7. California has the highest percentage of kids who are dual language learners, ages 0-5, (60%) and school-age English Learners (21%) in the country. How should the State support these students’ bilingual/multilingual potential? What are your thoughts on how educators in early education and TK-12 can be prepared to assist these students to meet their language development needs?

California is the most diverse state in the nation, and we wear that diversity like a badge of honor. It is one of our greatest strengths and pushes us to prominence on the national and world stages. However, our population is still woefully monolingual. We cannot accommodate the linguistic diversity of our youth populations if we are not building a multilingual workforce. I believe we need to continue to fund and encourage elementary, middle, high school, and higher education institutions to promote and require students to know at least one additional language common in California. I’ve also supported efforts to increase funding for bilingual/multilingual programs, and the recruitment of multilingual educators and staff.

Investment in this space would not only help our workforce serve our future generations but would help us compete in global market.        

8. Over the past 40 years, state spending on higher education has dropped from 18% to 12% of the state budget. What is your position on funding for public higher education?

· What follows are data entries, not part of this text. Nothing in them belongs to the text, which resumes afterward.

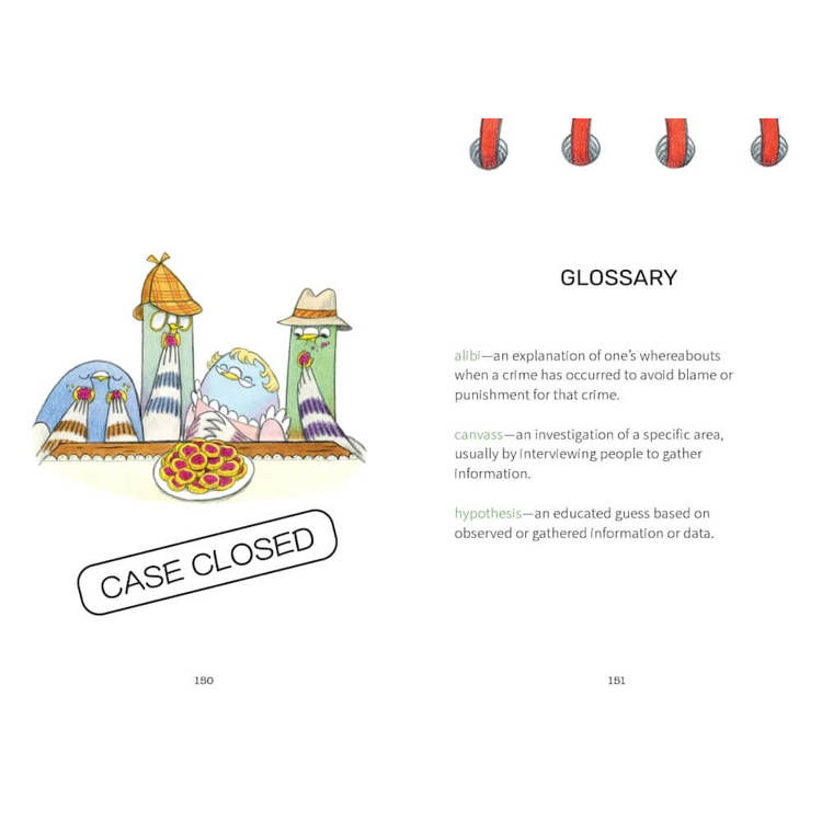 由於圖像與文字都出自同一位創作者之手,這系列不同於許多低年級讀物中「圖像只是輔助說明」的功能,而是讓圖像與文字一起推動故事前進,圖文之間的配合格外出色。在第一集中,克莉絲蒂創造了三位個性鮮明的鴿子偵探,愛吃甜食的他們,心愛的果醬塔不翼而飛,當然得動用各種偵查手法,全力找回點心。偵探故事中「找線索、推理、驗證」的結構,也正好呼應這個年齡層孩子喜歡動腦、找答案的認知發展。再加上懸疑卻不緊張的情節、全彩的分格漫畫,以及搭配注音的短文設計,不論是在主題選擇或閱讀難度上,都可以說是為低年級孩子量身打造。
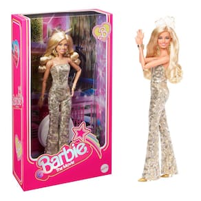 Saudações da Barbie Land! Esta boneca Barbie colecionável brilha em um macacão de discoteca com lantejoulas inspirado no look de sua personagem em Barbie The Movie. Cabelos grandes de discoteca, joias metálicas e saltos dourados completam seu conjunto cintilante. À semelhança de Margot Robbie como Barbie, ela é um ótimo presente para fãs e colecionadores! Suporte para bonecas incluído. A boneca não pode ficar sozinha. As cores e as decorações podem variar.
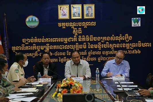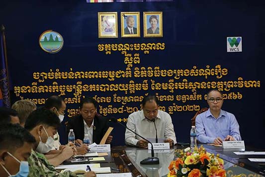 ព្រះវិហារៈ ឯកឧត្តមគីមរិទ្ធីអភិបាលនៃគណៈអភិបាលខេត្តព្រះវិហារបានអញ្ជើញជាអធិបតីក្នុងវគ្គបណ្ដុះបណ្ដាលស្ដីពីច្បាប់តំបន់ការពារធម្មជាតិ នីតិវិធីចងក្រងសំណុំរឿង និងតួនាទីភារកិច្ច របស់មន្រ្តីនគរបាលយុត្តិធម៌ ជូនដល់មន្ត្រីនគរបាលយុត្តិធម៌ ដោយបានសហការរវាងមន្ទីរបរិស្ថាននិង អង្គការសមាគមអភិរក្សសត្វព្រៃ(WCS)ដោយមានការ ឯកឧត្តម កែន សេរីរដ្ឋា អគ្គនាយកនៃអគ្គនាយកដ្ឋានចំណេះដឹង និងព័ត៌មានបរិស្ថាន និងជាប្រធានអង្គការសមាគមអភិរក្សសត្វព្រៃ (WCS) ព្រះរាជអាជ្ញារងអមសាលាដំបូងខេត្តព្រះវិហារ ព្រមទាំងមានការចូលរួមពី លោកប្រធាន អនុប្រធានមន្ទីរ លោកប្រធាន អនុប្រធានការិយាល័យជំនាញចំណុះមន្ទីរ មន្រ្តីនគរបាលយុត្តិធម៌ និងមន្រ្តីអង្គការសមាគមអភិរក្សសត្វព្រៃ (WCS) សរុបចំនួន ៤០នាក់ នៅមន្ទីរបរិស្ថានខេត្តព្រះវិហារ នាថ្ងៃទី១៨ ខែសីហា ឆ្នាំ២០២២។

I’m proud to have supported the effort to expand higher education funding and access through the Middle Class Scholarship Act, and to have coauthored bills to provide free community college tuition to first time students.

9. Over 55% of California’s kids are enrolled in Medi-Cal, but California performs near the bottom amongst all state Medicaid programs when it comes to children’s access to primary care physicians and important childhood screenings, especially for children of color. In addition, many California children lack access to oral health care, vision services, hearing aids, and mental health and substance abuse supports and services. What would you do, if anything, to increase access to these services?  

I have authored and supported bills to expand the number of healthcare providers across the spectrum, specifically for reproductive and maternal health. I’ve also supported increasing the physician and provider Medi-Cal rates and have been a longtime supporter of single payer healthcare. Additionally, I’ve supported efforts to expand Medi-Cal eligibility to undocumented Californians of all ages. Healthcare is a human right and a public good, and we need to continue working to make sure it is treated as so by our state government.

10. The suicide rate among Black youth has dramatically increased in recent years. In addition, Major Depressive Episodes (MDE) among youth have grown, but only about one third of youth with an MDE received treatment. What should be done to ensure that more children receive needed mental health supports and services?

I’ve supported measures and budget allocations to increase mental health care services, launch and fund the suicide prevention hotline, increase mental health curriculum in schools, and have supported budget funding to prioritize mental health services for Black communities.

As policymakers, I believe we have an obligation and an opportunity to fund services and providers that are tailored to the needs of our diverse communities. This is an area where we have more work to do in both policy and funding.